Task details: Output the first line below and each one after it, exactly, up to and including the line holding "深圳,夜晚的美麗勝過白天的繁". Pictures should not be copied.

[Data block]

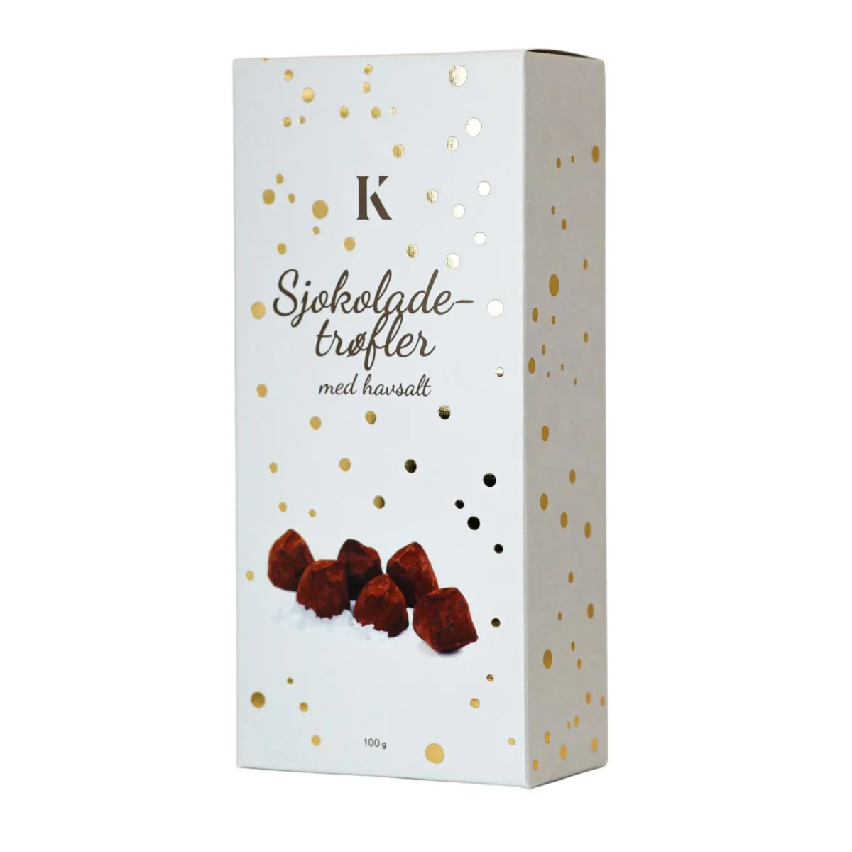 Juletrøfler med havsalt: Vegetabilsk fett (kokosnøtt, RSPO-sertifisert palmekernel) i forskjellige proporsjoner, sukker, redusert fett kakaopulver 12%, mysepulver (melk), havsalt (0,6%), emulgator (soyalecitin), smak (vanilje). Kan inneholde spor av hasselnøtter, mandler og deres biprodukter.
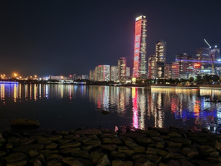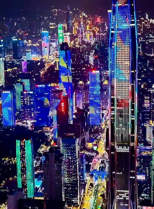 深圳,夜晚的美麗勝過白天的繁華,說它一天裡最美的時刻,那一定是夜幕降臨以後,手機拍下的夜景燈光熠熠生輝,整個建築在夜空中顯得非常壯觀,從較遠的地方看,更讓人驚歎不已。
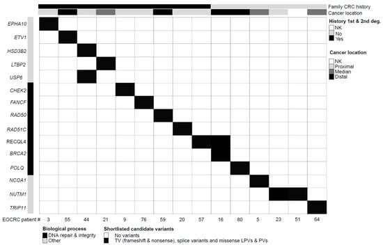 In the EOCRC cohort (n = 87), we identified 15 EOCRC patients carrying statistically over-represented HVs (p < 0.05). Nine of them, presenting a family history of CRC, carried HVs in 10 distinct genes (Figure 2 and Table 2), including genes involved in DNA repair pathways (CHEK2, FANCF, RAD50, and RAD51C) and DNA integrity (RECQL4). Among these patients, EOCRC#09 (CHEK2 variant) had a maternal family history of breast and pancreatic cancer (2nd- and 3rd-degree relatives). His maternal grandmother was diagnosed with both CRC and breast cancer at 65 years of age. CHEK2 germline PVs/LPVs are considered as moderate-risk factors for breast cancer. Patient EOCRC#57 (RECQL4 variant) presented with a mucinous adenocarcinoma of the ascending colon at the age of 32 and her father was diagnosed with CRC at the age of 64. EOCRC#57 was heterozygous for the RECQL4 PV (no evidence of compound heterozygosity) and did not exhibit any syndrome features of RECQL4-associated recessive syndromes as Rothmund–Thomson (RTS, MIM #268400), RAPADILINO (MIM #266280) and Baller–Gerold (BGS, MIM #218600)) []. The remaining HVs in the EOCRCs with a family CRC history mapped to genes involved in steroid biosynthesis (HSD3B2), transcription regulation (ETV1), and other cellular pathways (EPHA10, LTBP2, and USP6). Patient EOCRC#44 who carries HVs in both HSB3B2 and USP6 genes presented with adenocarcinoma of the ascending colon at the age of 36 and his father was reported with CRC (unknown age at diagnosis).
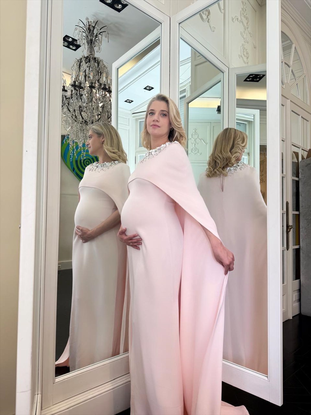 Η Τζένη Θεωνά, η οποία διανύει τον πέμπτο μήνα της εγκυμοσύνης της, επέλεξε μια ξεχωριστή δημιουργία του ιστορικού Οίκου Celia Kritharioti. Πρόκειται για ένα απαλό ροζ φόρεμα σε συνδυασμό με μια εντυπωσιακή, χειροποίητη κεντημένη κάπα, διακοσμημένη με λουλούδια και λαμπερά κρύσταλλα. Ένα look που απέπνεε ρομαντισμό, κομψότητα και συμβολισμό, αναδεικνύοντας τη σύγχρονη γυναικεία θηλυκότητα μέσα από την τέχνη της υψηλής ραπτικής.

[/Data block]

Written solution:
 Juletrøfler med havsalt: Vegetabilsk fett (kokosnøtt, RSPO-sertifisert palmekernel) i forskjellige proporsjoner, sukker, redusert fett kakaopulver 12%, mysepulver (melk), havsalt (0,6%), emulgator (soyalecitin), smak (vanilje). Kan inneholde spor av hasselnøtter, mandler og deres biprodukter.
 深圳,夜晚的美麗勝過白天的繁華,說它一天裡最美的時刻,那一定是夜幕降臨以後,手機拍下的夜景燈光熠熠生輝,整個建築在夜空中顯得非常壯觀,從較遠的地方看,更讓人驚歎不已。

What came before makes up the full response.